Послушайте, мат в этом спектакле — не главное! Сама я мат не люблю и почти никогда не использую. Моя героиня разок произносит матерное слово. Но у Павла Пряжко текст очень поэтичен, даже нецензурные конструкции поэтичны. И мне жаль, что эту пьесу мы играем без декораций, в маленьком подвале, где люди сидят на досках. В прямом смысле андерграунд. Как будто мату там и место. А если бы «Трусы» шли в шикарном зале с бархатными креслами, то и воспринимались бы по-другому. Было бы понятнее, что дело не в мате.
А есть что-то общее между театром и телевидением?
Вот я играю в спектакле Райхельгауза «Своими словами», вернее, не играю, а выступаю в роли журналиста — беру интервью у одного из зрителей. Ужасно трудная задача — никогда не знаешь, кто выйдет к тебе на разговор, умеет ли этот человек говорить, есть ли у него интересная история. Но я сейчас не об этом. Законы восприятия в театре другие.
Например, пауза, молчание — такая страшная для телевидения вещь — в театре воспринимается совсем по-другому. Это время, когда зритель подольше рассматривает героя и чувствует его. По телевизору нужно просто услышать, а в театре важно почувствовать. Театр вообще внимательнее к человеку. И этого внимания мне не хватает на телевидении.
В какую сторону движется театр, в какую телевидение?
Телевидение становится — как и наша жизнь — более разнообразным. Мы все вспоминаем 1990-е годы, но такого больше не повторится. Телевидение играло такую важную роль еще и потому, что не было кино, интернета, денег на развлечения и самих развлечений. А сейчас человек бесконечно выбирает, что ему смотреть, что читать, куда ходить. Приходится делать выбор, даже если не хочется, потому что никакого стандарта (как, скажем, в советское время) уже не существует: нормальный человек, обычная одежда, хорошее кино. Для одного — это норма, для другого норма — другое. Выбирай, дружок!
Театр становится похожим на телевидение, когда воспринимает себя формой досуга. Мне интереснее другой театр. Театр, который заставляет думать.
Но сейчас театр часто использует телестилистику — жанр телешоу, присутствие экранов, проекторов. Он также подчас прямо, без метафор и условности фиксирует реальность. Не кажется ли вам, что театр и телевидение сегодня идут на сближение?
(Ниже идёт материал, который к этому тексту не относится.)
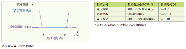 此外Chroma 61500系列产品能够模拟IEC 61000-4-29* Electromagnetic compatibility (EMC)-Part 4-29: Testing and measurement techniques- Voltage dips, short interruptions and voltage variations on dc input power port immunity tests法规对于直流电压暂降、短暂中断和电压变化测试条件(%UT) 如下表。
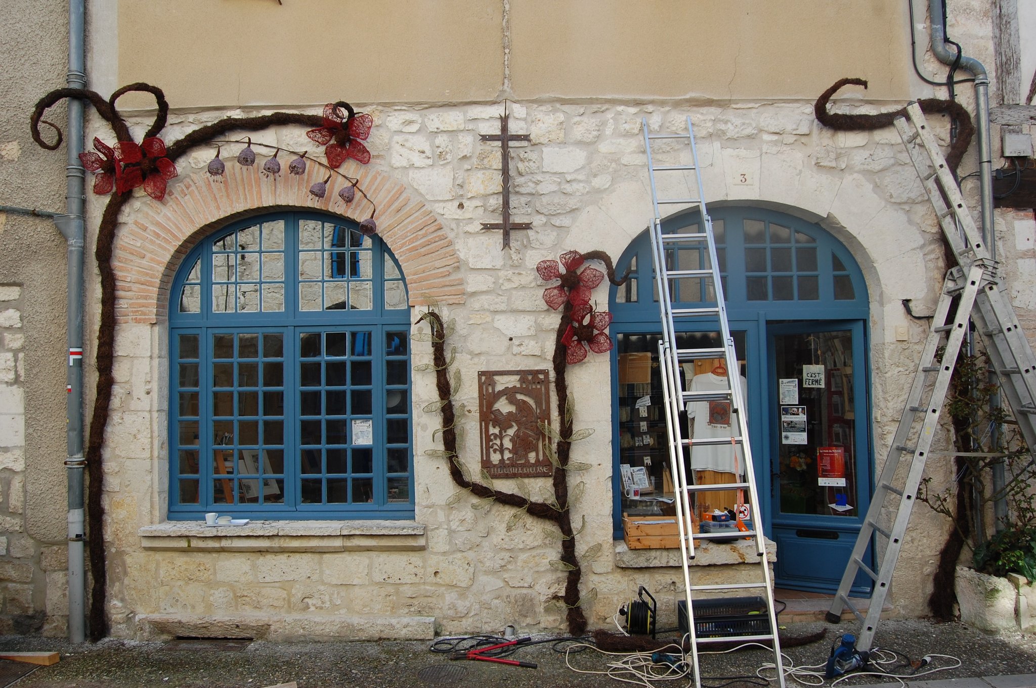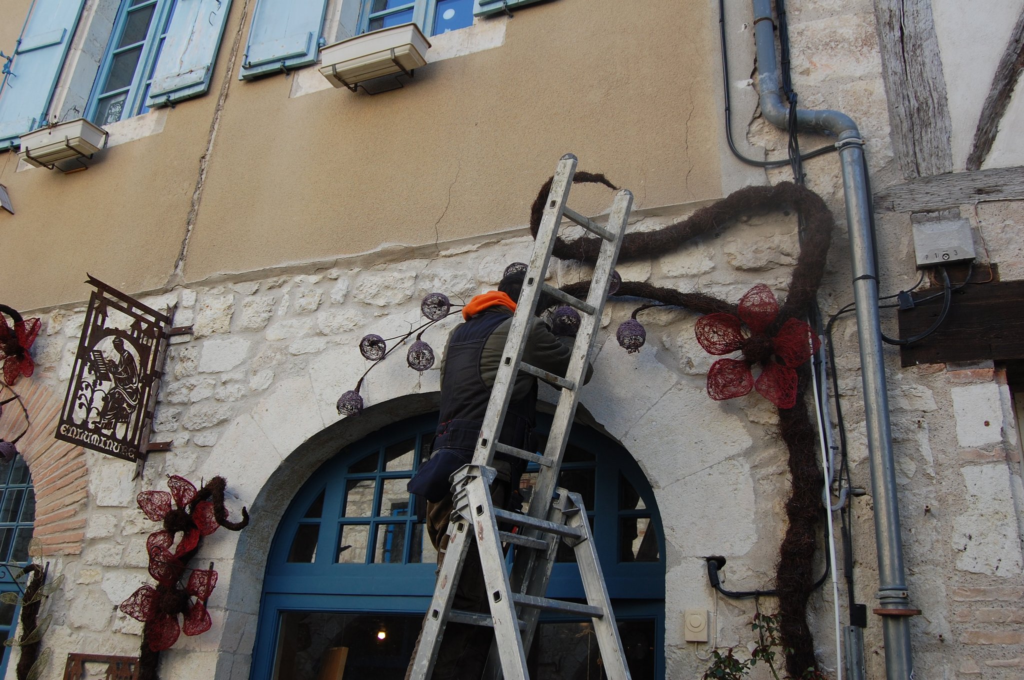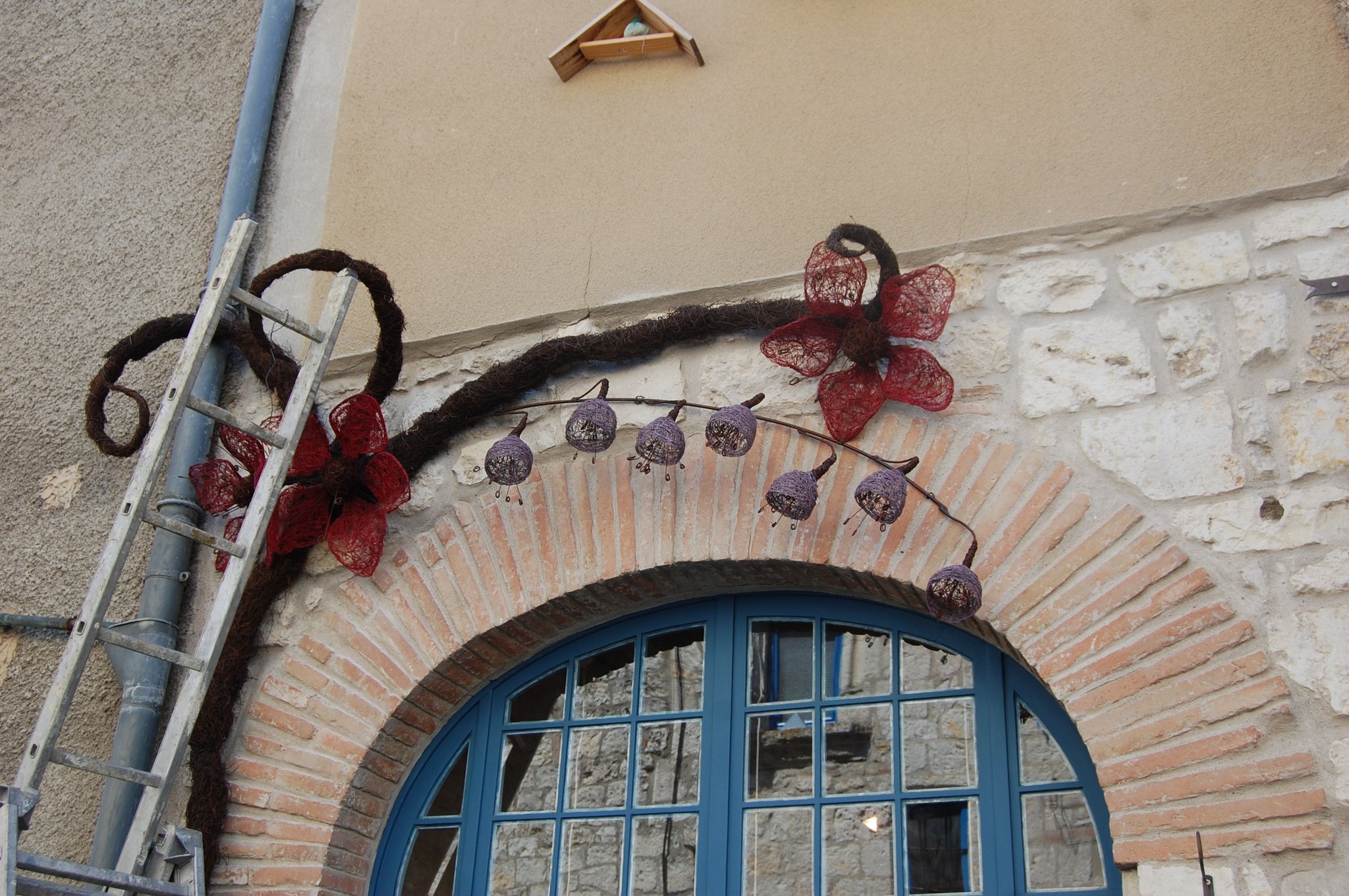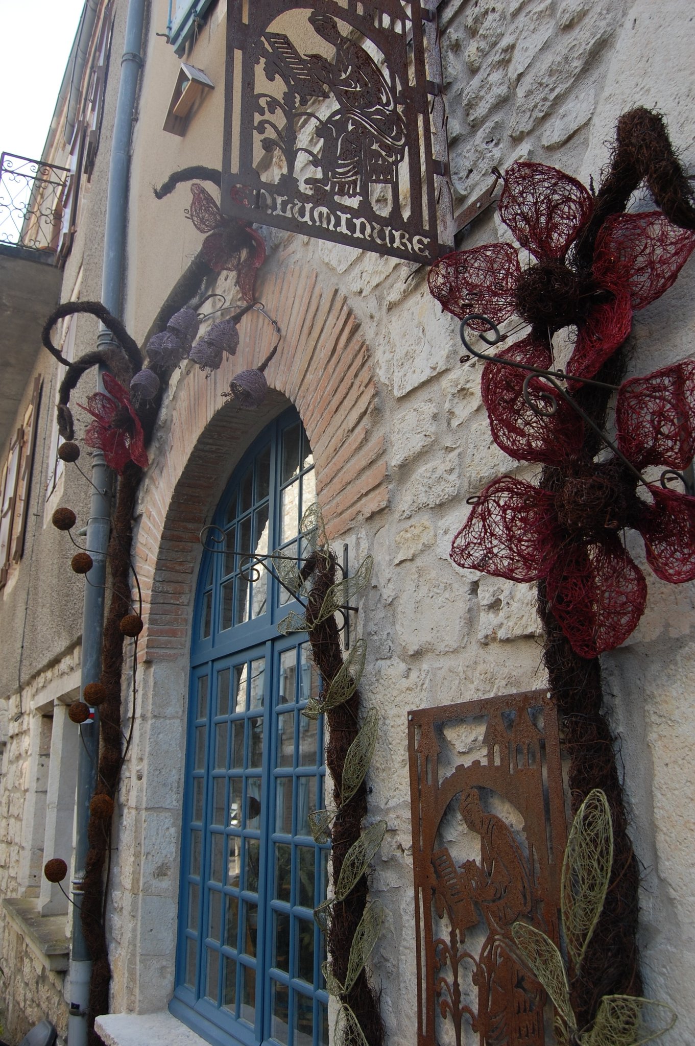 Pour enluminer notre façade nous avons fait appel au talent de Lya et Laurent Marino de l'entreprise Atmosfleur Créations située à St Antonin Nobleval dans le Tarn et Garonne.. C'est ainsi que tel mes enluminures, ils ont décoré le mur de fleurs, clochettes et feuillage en métal. Merci beaucoup à eux.
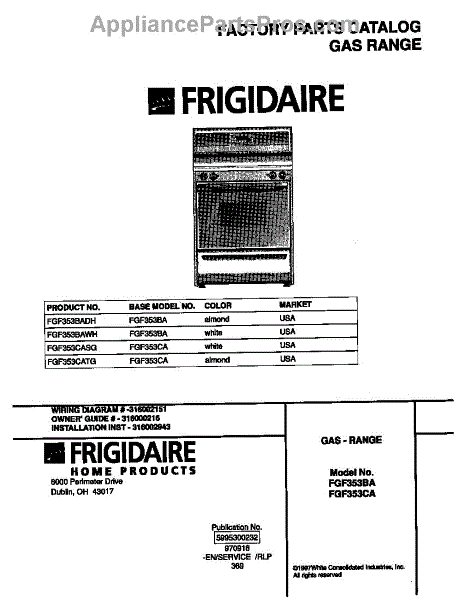 Parts for Frigidaire FGF353BADH: 01 - Cover Parts
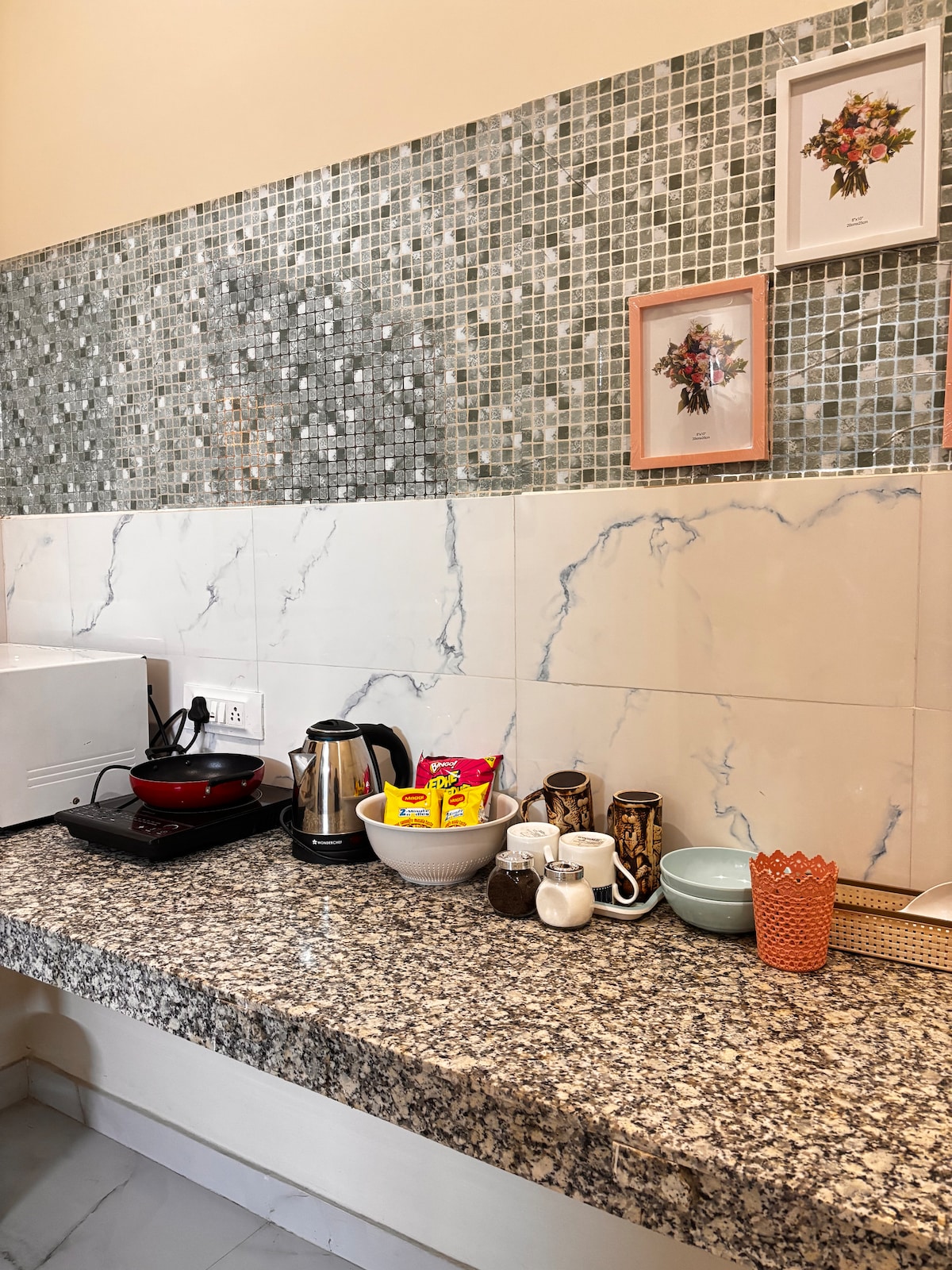 This open-plan studio apartment follows minimalistic design principles. Equipped with a kitchenette, two bathrooms, a full-sized King bed, a queen size Wall Bed, TV with Netflix, Hotstar, PrimeVideo, JioCinema and free WiFi, this space is capable of comfortably hosting a family of four. Please NOTE: This is an open plan apartment, and there are NO private bedrooms, the apartment is on the second floor, so you’ll need to go up two flights of stairs. NO PARTIES PLEASE 🙏🏽 and NO SMOKING 🚭
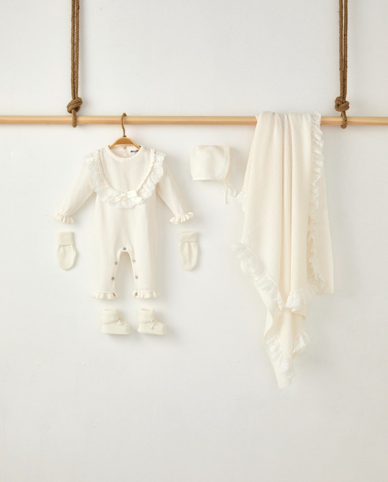 MI LOVES SIGNATURE Beautiful Ivory 5 piece Hospital/Coming home set with Lace frill details(including Blanket/Romper/Mittens/Booties/Hat)
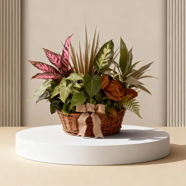 Bring natural balance to your space with Tropical Harmony, a lush indoor plant arrangement that blends vibrant pink, green, and bronze-toned leaves in a charming wicker basket. Designed to add a touch of freshness and color, it’s perfect for home or office décor, offering a refined tropical feel that never fades.
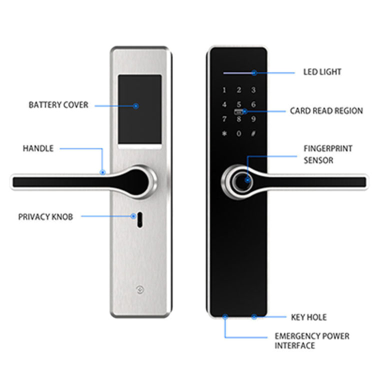 1. Accesso tramite app/impronta digitale/codice/scheda/chiave meccanica.2. Elevata sensibilità della scheda digitale touchscreen.3. Compatibile con il blocco TT o l'app Tuya.
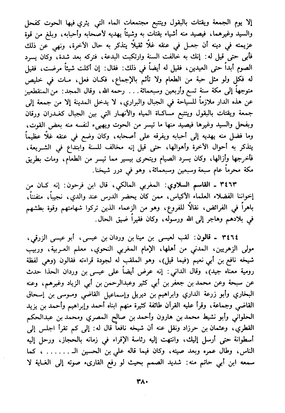 3463 - القاسم السلاوي: المغربي المالكي قال ابن فرحون: إنه كان من إخواننا الفضلاء العلماء الأكياس ممن كان يحضر الدرس عند والدي نجيبا متفننا باهرا في الفرائض نقالا للفروع وهو من الزعماء الذين تركوا شهامتهم وقوة بطشهم في بلادهم وهاجر إلى الله ورسوله وكان فقيرا ضيق الحال.

У меня другие представления. Телевизионная картинка или атрибуты медиа в спектаклях — это всего лишь форма, новая, но скоро к ней привыкнут. Проектор или экран еще слишком для нас маркированы — это как герой-гей, который для нашей публики еще означает что-то остренькое, скандальное. А что касается будущего современной драмы, то оно, по-моему, прекрасно! Вот Вадима Леванова, например, ставят в Александринке. И мы еще увидим Клавдиева в Малом театре, я верю! А по поводу того, куда идет современный театр… Есть очень талантливые пьесы молодых авторов. Я вот читаю пьесы молодых драматургов, поскольку состою в жюри фестиваля «Новая драма», и вот моя мама случайно прочла один текст, лежащий у меня на столе, и сказала: знаешь, жива все-таки великая русская литература.